▶ [Given data]
----

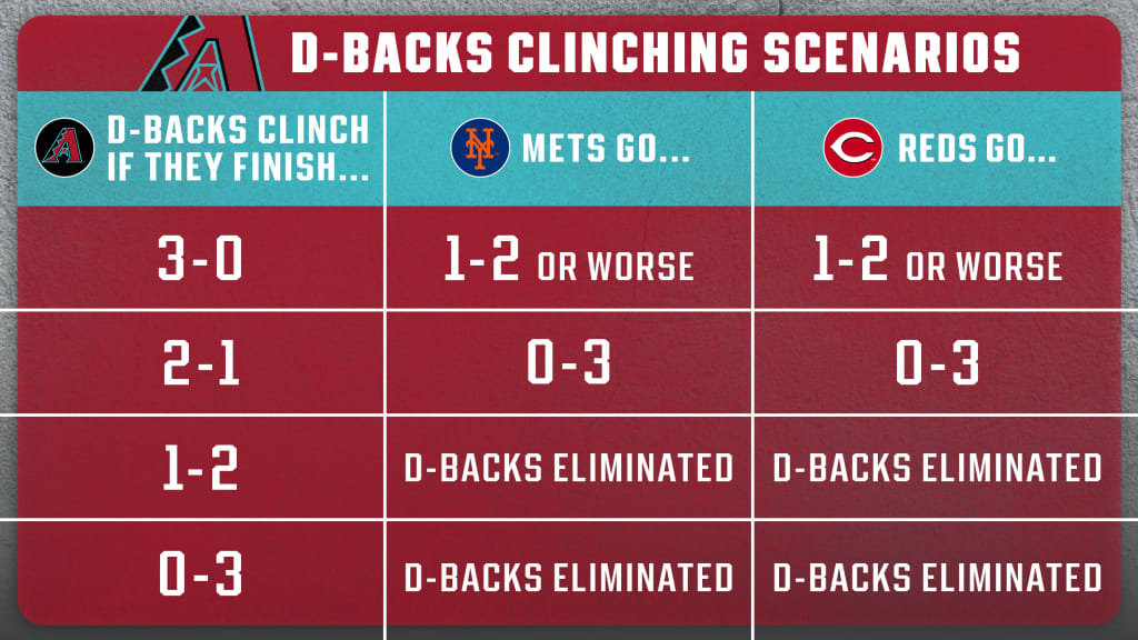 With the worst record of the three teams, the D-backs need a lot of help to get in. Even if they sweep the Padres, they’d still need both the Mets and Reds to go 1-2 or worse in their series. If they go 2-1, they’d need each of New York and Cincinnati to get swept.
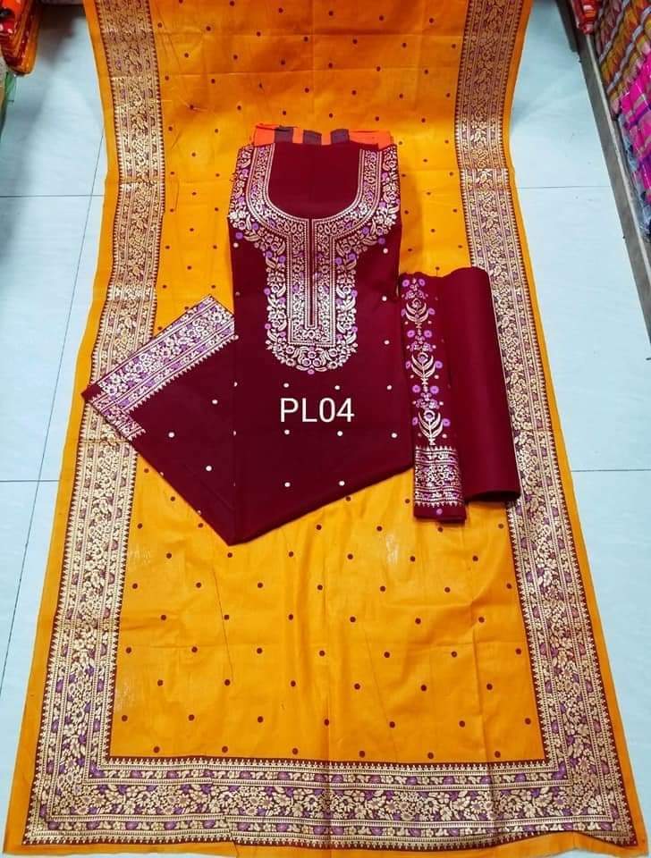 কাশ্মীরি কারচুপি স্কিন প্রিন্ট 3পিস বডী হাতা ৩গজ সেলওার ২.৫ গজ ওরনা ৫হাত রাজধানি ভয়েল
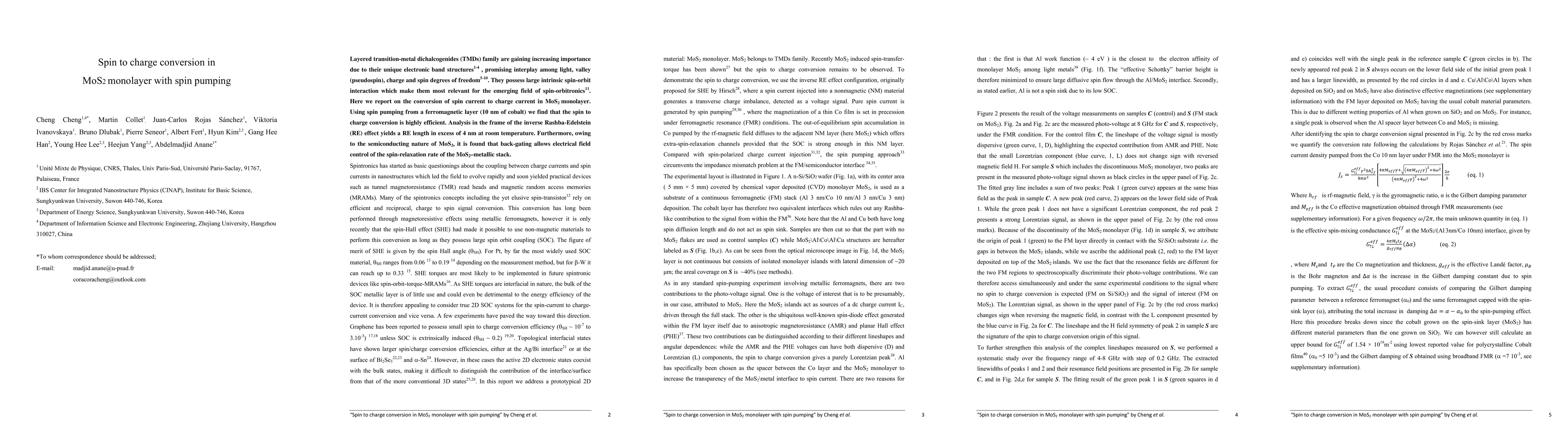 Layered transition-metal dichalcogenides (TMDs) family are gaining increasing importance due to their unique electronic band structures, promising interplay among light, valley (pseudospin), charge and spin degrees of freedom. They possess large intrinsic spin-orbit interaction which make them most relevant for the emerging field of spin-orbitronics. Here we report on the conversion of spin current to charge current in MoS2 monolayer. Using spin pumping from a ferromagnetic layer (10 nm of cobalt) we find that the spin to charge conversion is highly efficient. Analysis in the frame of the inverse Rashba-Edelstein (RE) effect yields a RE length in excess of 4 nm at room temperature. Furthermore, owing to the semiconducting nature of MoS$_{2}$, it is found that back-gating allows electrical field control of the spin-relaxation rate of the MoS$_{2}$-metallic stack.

----

▶ [Task to complete]
Only the lines from the top of the material through the line containing "কাশ্মীরি কারচুপি স্কিন" should be written out, exactly and without pictures.

▶ [Your solution]
 With the worst record of the three teams, the D-backs need a lot of help to get in. Even if they sweep the Padres, they’d still need both the Mets and Reds to go 1-2 or worse in their series. If they go 2-1, they’d need each of New York and Cincinnati to get swept.
 কাশ্মীরি কারচুপি স্কিন প্রিন্ট 3পিস বডী হাতা ৩গজ সেলওার ২.৫ গজ ওরনা ৫হাত রাজধানি ভয়েল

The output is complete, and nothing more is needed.